The Truth and Nothing But the Truth.
Oct. 24th, 2003 12:17 pmIn more or less random order:
Two beautiful women once approached me and my wife and suggested that the four of us have sex, and only sex, none of this tiresome relationship stuff.
True. Which almost all of you believed. I can only assume that things like that are regular occurrences in your lives, you lucky persons of undetermined origin.
Once when I flew from Manchester to Stockholm, the plane left Ringway Airport from a gate that does not actually exist.
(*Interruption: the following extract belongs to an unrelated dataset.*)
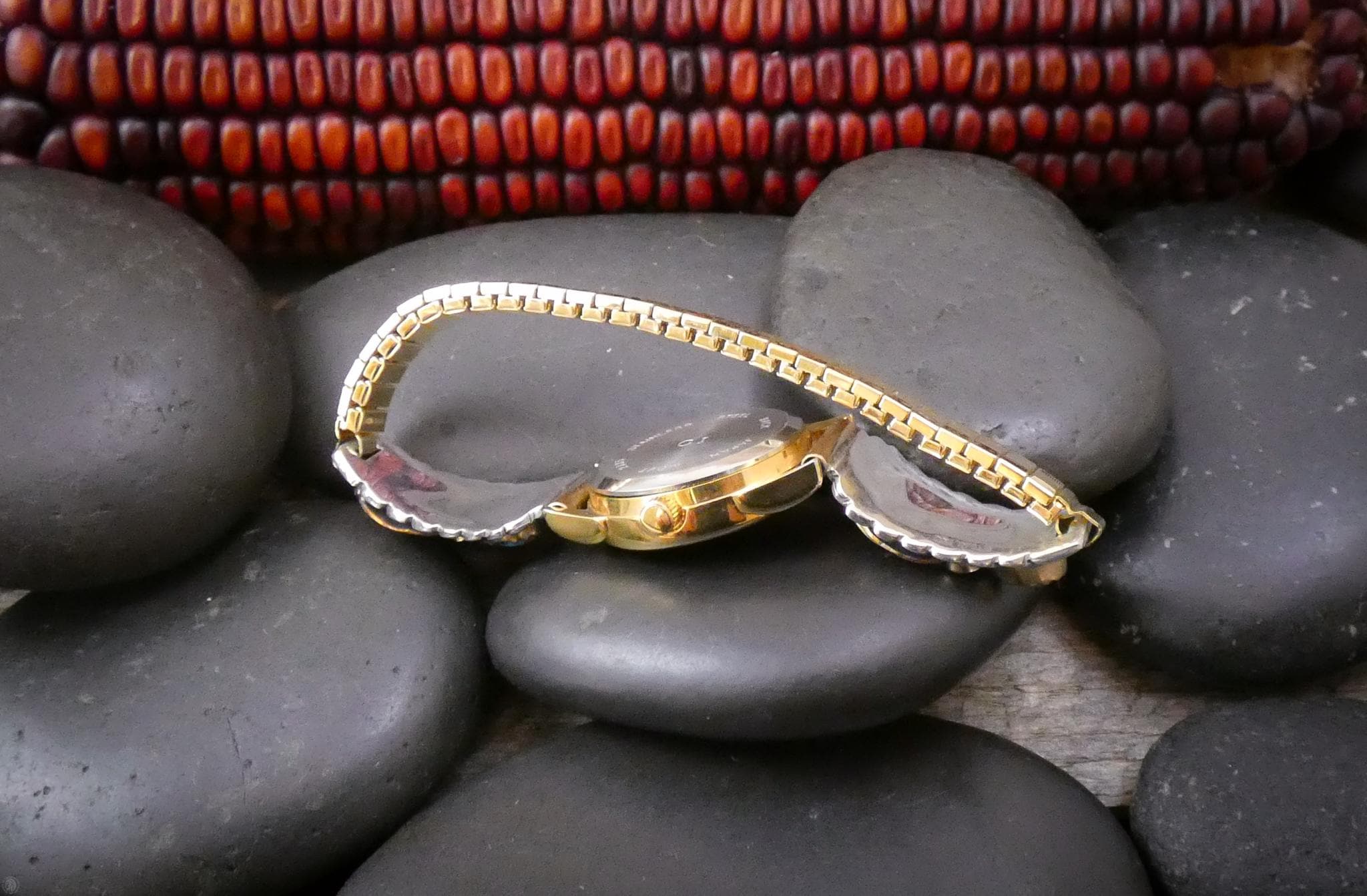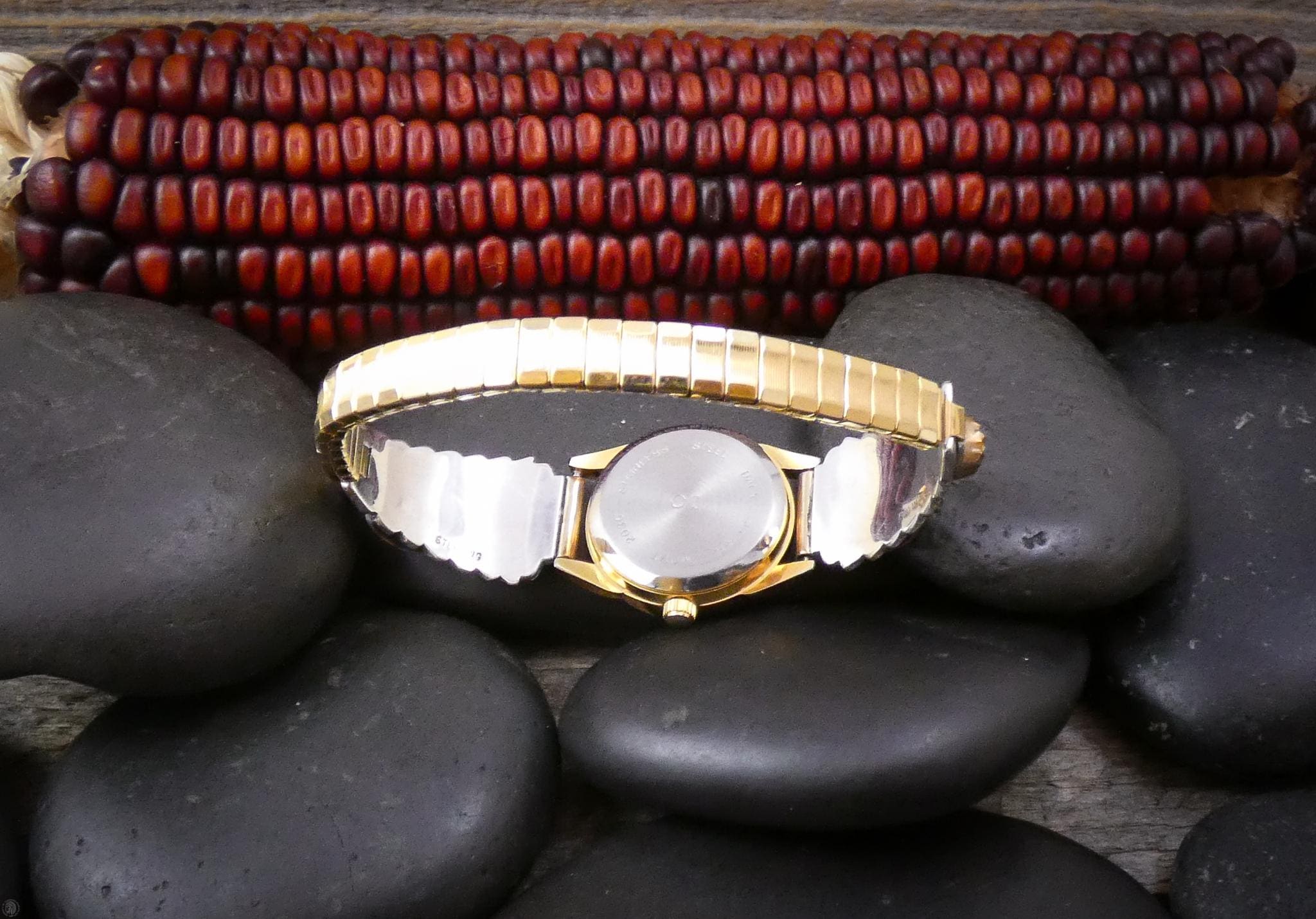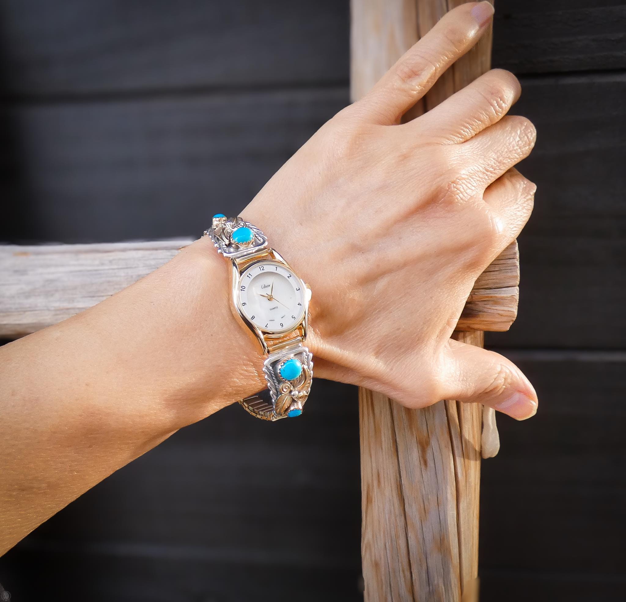 These watch tips are handcrafted into a beautiful, elegant, effeminate design. The design features delicate leaves along with a graceful flower and Turquoise stones. The gold really makes for a nice contrast against the silver, and the turquoise matches the gold quite nicely as well. But what really takes your breath away with this watch is the intricacy in the details added. Each and every detail is so carefully placed to be in perfect harmony with one another. Anyone who appreciates Native American jewelry handcrafted work will be sure to love this watch!

Also true. It was while they were building the third terminal (the one that started out with the name Terminal 1 British Airways and now has the name Terminal 3, for reasons that should've been bloody obvious from the start), and a few of the usual gates were unusable due to construction equipment being in the way. So for a few flights they bussed the passengers out to a plane waiting near a hangar. On the monitors, they called this "Gate 49" (I think, I forget the exact number), which caused no end of confusion for us poor passengers since all the signs and stuff only mentioned Gates 1 to 48.
I once talked my french teacher into giving me a passing grade in spite of having attended only a handful of lessons all year and not having done any of the tests or homework.
True. She was fresh out of teacher's college and I somehow managed to make her think that it was all her fault. To this day I have no idea how I did that.
I once called the Soviet Embassy from a secret military installation and offered to sell them secrets.
More than half of you didn't believe this one, but it's absolutely true. I did my military service as a radar/communications operator in the branch of the Coast Artillery that guarded the Stockholm Archipelago from foreign submarine activity. This consisted of spending every other week on an arsehole of an island, where three groups of us took turns sitting in a bunker looking at surveillance equipment (all of which was classified, and the entire island counted as secret and off-limits to civilians) for five to seven hours. After a few months of that, you get extremely bored. Unbelievably bored. More bored than I thought it was possible to be. So when one dark night (as if we could the difference between day and night...) one of the guys suddenly says "I wonder what would happen if one of us called the Soviet Embassy and offered to sell secrets" and you're sitting in front of a shitload of expensive comms equipment, well... For your information, they just hung up on me. I guess they got quite a few crank calls like mine, although probably not very often from that kind of installation.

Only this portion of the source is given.